» Directions
As you print the data below, keep every line exactly as it is and leave the images behind.

» Raw data
====

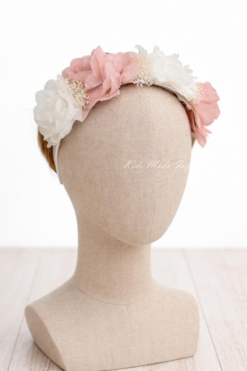 Diadema ceremonia niña de flores rosa empolvado y blancas Coco Acqua Ceremonia 201108022B
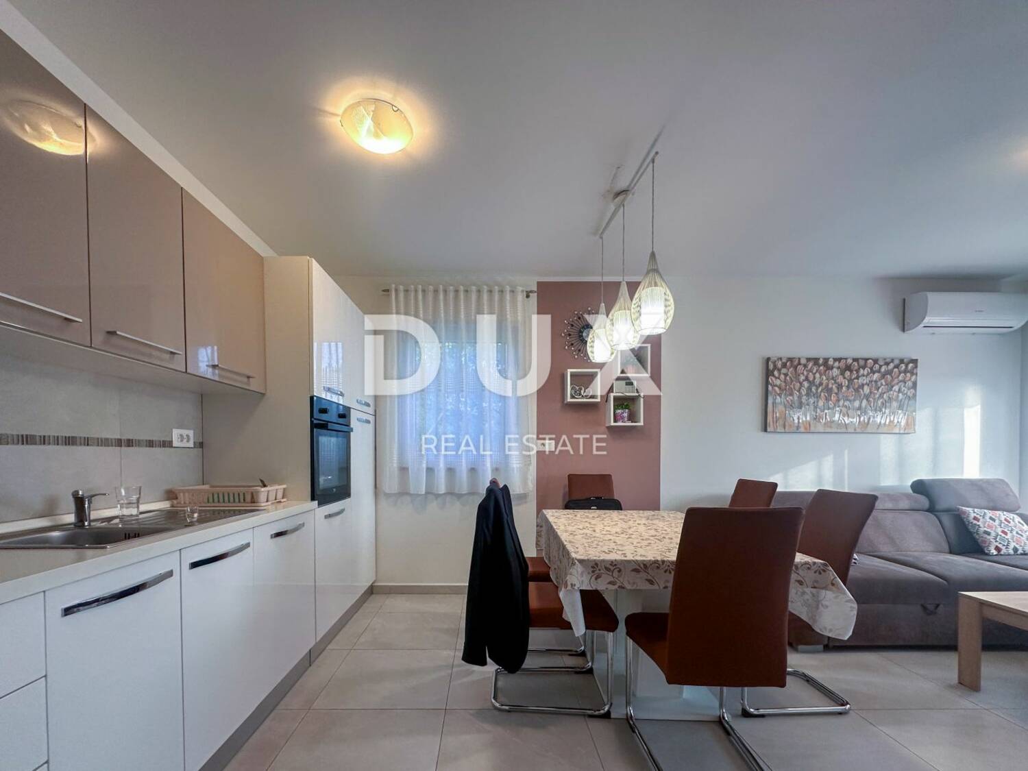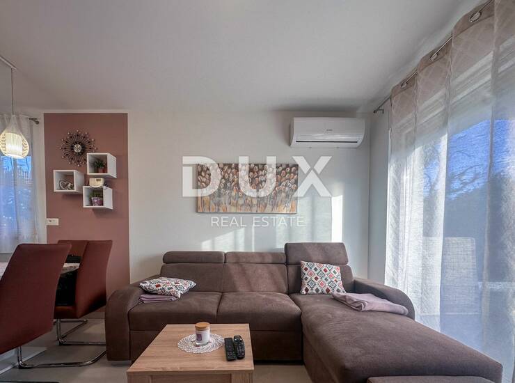 U DUX ponudu dobili smo stan smješten na prvom katu uredne i kvalitetno građene novogradnje koja broji svega šest stanova, što jamči mir i privatnost. Stan se sastoji od spavaće sobe, dnevnog boravka povezanog s kuhinjom i blagovaonicom, kupaonice te hodnika. Svaki detalj u stanu pažljivo je osmišljen kako bi pružio maksimalnu udobnost, a prirodna svjetlost dodatno doprinosi osjećaju topline i prozračnosti.
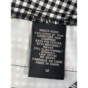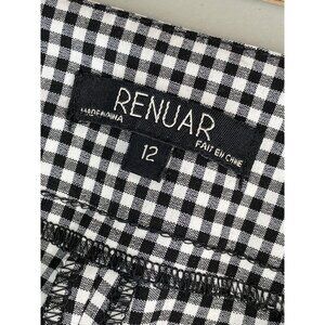 These Renuar tapered leg pants feature a classic black and white gingham check pattern. Designed in size 12, they offer a sophisticated fit with functional pockets and a comfortable blend of polyester, rayon, and spandex.

====

» Output for this task
 Diadema ceremonia niña de flores rosa empolvado y blancas Coco Acqua Ceremonia 201108022B
 U DUX ponudu dobili smo stan smješten na prvom katu uredne i kvalitetno građene novogradnje koja broji svega šest stanova, što jamči mir i privatnost. Stan se sastoji od spavaće sobe, dnevnog boravka povezanog s kuhinjom i blagovaonicom, kupaonice te hodnika. Svaki detalj u stanu pažljivo je osmišljen kako bi pružio maksimalnu udobnost, a prirodna svjetlost dodatno doprinosi osjećaju topline i prozračnosti.
 These Renuar tapered leg pants feature a classic black and white gingham check pattern. Designed in size 12, they offer a sophisticated fit with functional pockets and a comfortable blend of polyester, rayon, and spandex.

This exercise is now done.